Key testimony could shape judge’s decision in Fani Willis removal fight

Takeaways from a telenovela-worthy hearing — and what it could mean

Over the course of an extraordinary two-day evidentiary hearing last week, the personal lives of Fulton County District Attorney Fani Willis and one of her top deputies were dissected in full public view.

A gaggle of defense attorneys, who collectively represented nine of the remaining 15 defendants in Willis’ marquee election interference case, took turns scrutinizing the past romantic relationship between Willis and special prosecutor Nathan Wade for evidence of impropriety.

Their goal was to convince Fulton Superior Court Judge Scott McAfee that the two prosecutors had a conflict of interest in the case that warranted removing the entire Fulton DA’s office from the prosecution.

The hearing frequently meandered into telenovela terrain, but there were several notable developments that could shape how McAfee ultimately rules on the matter.

Willis and Wade’s word versus Yeartie’s

Willis and Wade each presented similar timelines in their testimony. Wade said their romantic relationship began “around March” 2022 —months after he was hired to work on the case — while the DA said “between February and April” of that year. That gels with the timeline Wade included in a sworn affidavit attached to a recent court filing from the DA’s office.

But that contradicted the testimony given earlier in the day from Robin Bryant Yeartie, a former friend of Willis’. Yeartie, who met Willis in college and briefly worked in the Fulton DA’s office, let Willis take over the lease on a condo she rented near Hapeville. Yeartie testified that she saw the couple hug, kiss and be affectionate not long after after they first met in 2019.

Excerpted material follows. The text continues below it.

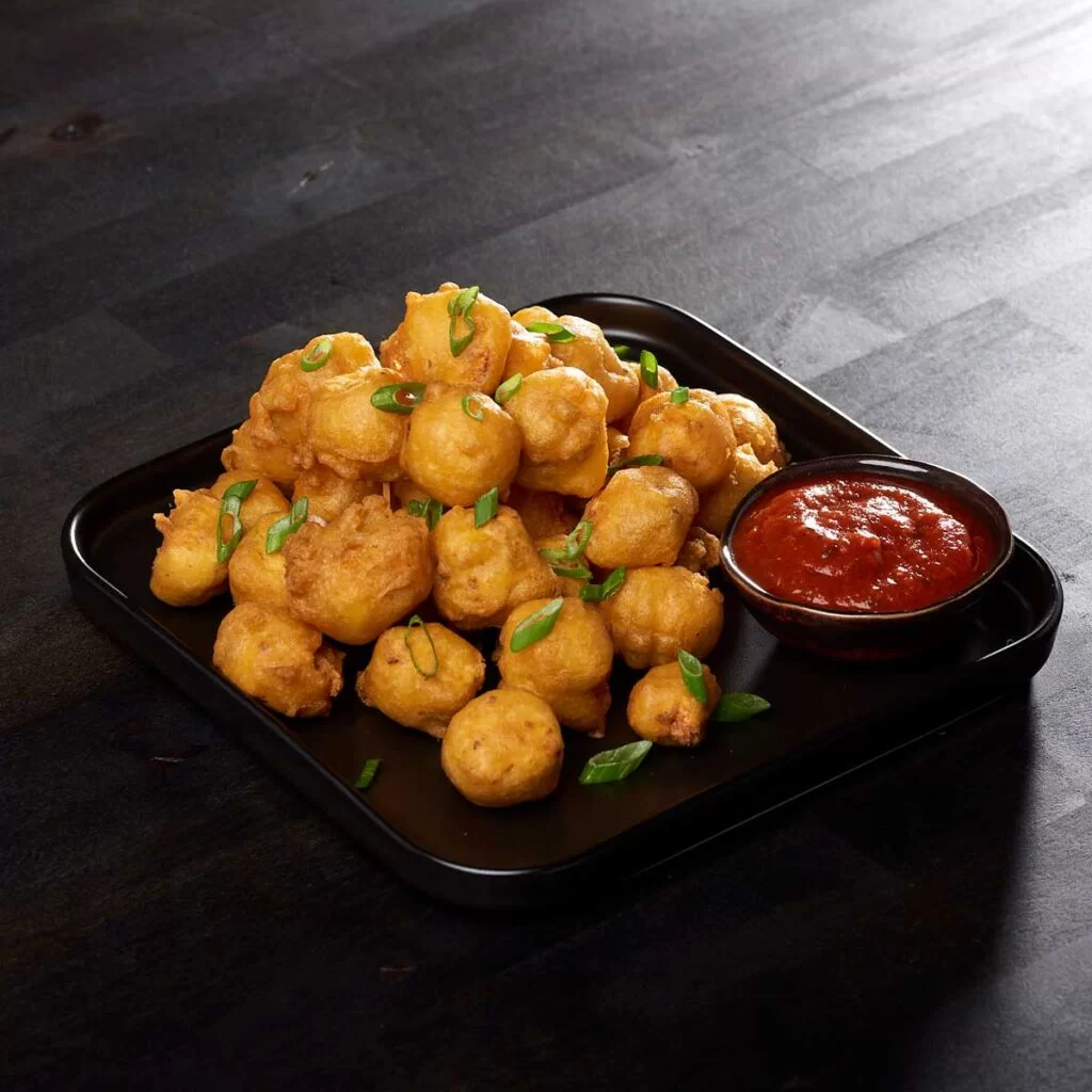 Indulge in marinated paneer cubes, encased in a crispy beer batter, and served with our spicy red-hot tomato sauce. Garnished with green onions, these poppers are a bold fusion of flavors that are sure to please.

Pinning down the start date of the relationship is important for two reasons. First, if Willis was romantic with Wade before she hired him, it raises the prospect that she may have violated at least the spirit of anti-nepotism rules, though Fulton’s policy specifically focuses on family members. More importantly, if defense attorneys can prove that Willis or Wade lied in court documents it could constitute perjury and provide real incentive for McAfee to punish the DA’s office.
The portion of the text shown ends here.